The speed of the fan motor FM depends on the amount of the driving current flowing through the fan motor's FM driving windings N1, N2. For example, when the control unit 170 closes the first relay RY1 and the main relay RY3 and opens the second relay RY2 during low-power cooking, power is 10 supplied through the low-speed node T1 to actuate the motor. Since the driving current flows through the primary driving winding N1 and the secondary driving winding N2, it turns the cooling fan 3 at a low speed (e.g. about 1800rpm).
During high-power cooking, the control unit 170 opens the first relay RY1 and closes the second relay RY2 and the main relay RY3 and power is supplied by way of the high-speed node T2 to actuate the motor. Since the driving current flows through the secondary driving winding N2 only, the cooling fan 3 is rotated at a high speed (e.g. about 3000 rpm).
The number of turns in the primary driving winding N1 and the number of turns in the secondary driving winding N2 are set in the light of the required motor speeds. Since, the speed in the high power mode is higher than that in the low power mode, the number of turns in the secondary driving winding N2 is smaller than the number in the primary driving winding N1.
When providing the primary driving winding N1 and the secondary driving 25 winding N2 to each core, it is preferable that the primary driving winding N1 forms a coil with a small diameter and a large number of turns, and the secondary driving winding N2 forms a coil with a large diameter and a small number of turns, thereby reducing the size of the motor and enabling it to respond quickly to the need for speed changes as the microwave oven switches between high power mode and low power mode.
Referring to Figure 4, in another embodiment, a single changeover-type relay RY is used instead of the two relays RY1, RY2 used in the embodiment of Figure 2. First and second terminals b, c of the relay RY is connected to the low-speed node T1 and the high-speed node T2 of the motor respectively. The relay's RY common terminal a is connected to the first power line L1.
In low power mode, the control unit 170 switches the relay RY so that the common terminal a is connected to the first terminal b and current flows through both windings of the motor FM. In high power mode, the control unit switches the relay RY so that the common terminal a is connected to the second terminal c and current flows through the secondary winding of the motor FM only.
Since the relay RY is connected to both nodes T1, T2, if driving the fan motor FM is not required, the main relay RY3 connected to the fan motor FM and the second power line L2 must be turned off.
Referring to Figure 5, in a third embodiment, the fan motor connections are moved to the inverter side of the power relay RY4. Consequently, the main relay RY3, used in the embodiments described above, can be omitted. When the power relay RY4 is opened, power is removed the fan motor FM.

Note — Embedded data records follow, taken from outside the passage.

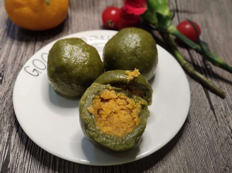 實際上,如果單純用艾草做青團子,蒸熟后顏色暗沉偏黃,不一定特別好看,所以也有粵菜師傅發(fā)明一種改良的做法:用菠菜汁和艾葉汁混合,青團子就呈現(xiàn)鮮綠的顏色。餡料方面,除了可以用最傳統(tǒng)的花生糖餡料,也可以用很多年輕人喜愛的咸蛋肉松餡,咸甜任君選擇。
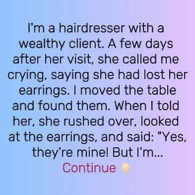 even years later. One could say that people who work with people don’t have boring jobs. “I cut hair for a living.” My client is very wealthy. A few days after her visit, she broke down in tears and told me she had lost her earrings. Didn’t I find them?
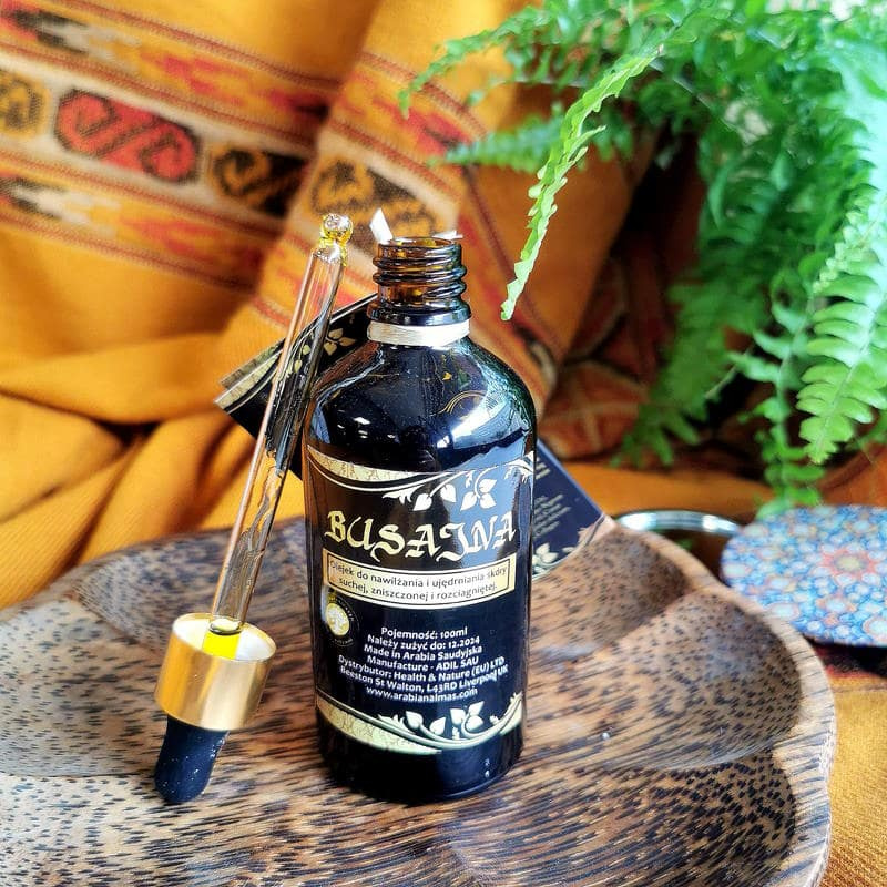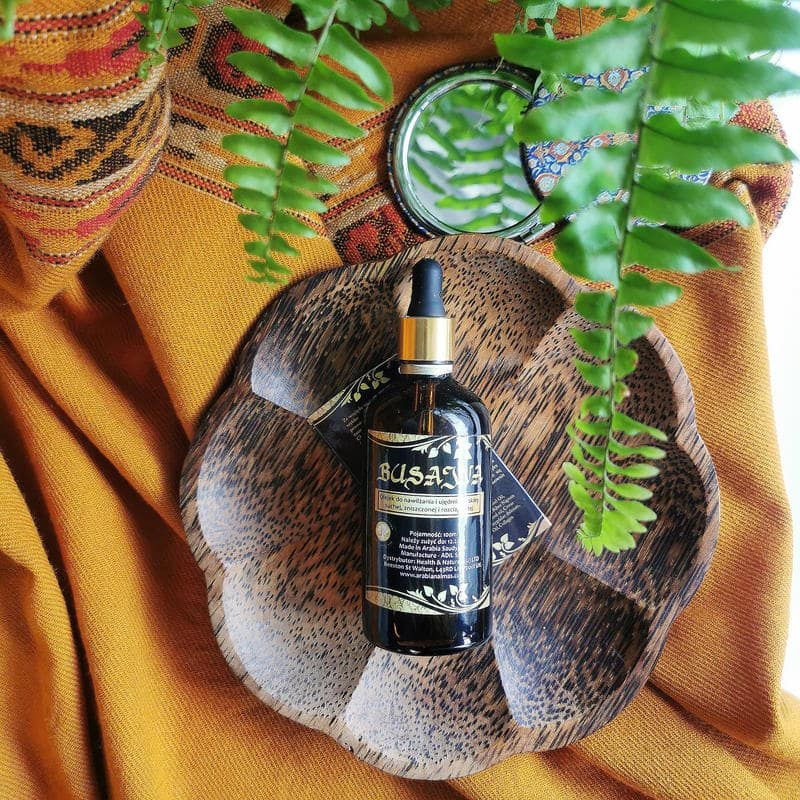 Saudyjki stosują olejek po urodzeniu dziecka by skóra szybko wróciła do ładnego wyglądu, bezpośrednio na skórę zamiast kremu aby skóra szczególnie na twarzy nie była wysuszona i długo zachowała piękny wygląd. Saudyjki nie stosują takiej ilości kosmetyków jak stosują kobiety w Europie wybierając tylko te, które mają za zadanie konkretnie wpłynąć na skórę twarzy, ciała i włosy. Są to kremy o dużej ilości olejów oraz odpowiednio skomponowane oleje, jak i kosmetyki ze złotem (czystym). Olejek Busajna w szybki sposób poprawia wygląd skóry i odbudowuje komórki.

In this embodiment, the speed of the fan motor FM is set by first and second relays RY1, RY2 as in the first embodiment described above.
A method of controlling the fan motor of a microwave oven will now be described with reference to Figures 2, 6a and 6b.
Referring first to Figure 6a, the control unit 170 determines (step s10) whether a keyboard input is being applied from the key input part 190. If a keyboard input is being applied, the control unit 170 determines (step s20) whether the keyboard input is a signal for setting the high power mode. If the control unit 170 determines that the keyboard input is for setting high power mode, it monitors (step s30) whether or not a period of time for cooking food is being started by means of operation of the key input part 190 by a user.
If the control unit 170 determines that a cooking period is being started, it stores the cooking period in its memory (step s40). The control unit 170 closes (step s50) the power relay RY4 and the main relay RY3 in order to apply power to the fan motor FM. The control unit 170 opens (step s60) the first relay RY1 connected to the low-speed node T1 and closes the second relay RY2 connected to the high-speed node T2 in order to drive the fan motor FM at high speed in response to the keyboard input for high power mode. Accordingly, power is applied to the high-speed node T2 of the fan motor FM to drive the fan motor FM and the cooling fan 3 in the electrical component compartment 23 at high speed (e.g. about 3000rpm).
The control unit 170 reduces the turned-on period of the switching devices of the inverter part 130 and a high voltage appears across the secondary winding of the high-voltage transformer 140 and energises the magnetron for high-power cooking (step s70).
The control unit 170 determines (step s80) if the cooking period set in the step step s40 has elapsed and high power cooking completed. If the cooking period has not elapsed in step s80, the control part 170 returns to step s60 to continue cooking. If the cooking period time has elapsed in the step s80, the control unit 170 goes to the step s160.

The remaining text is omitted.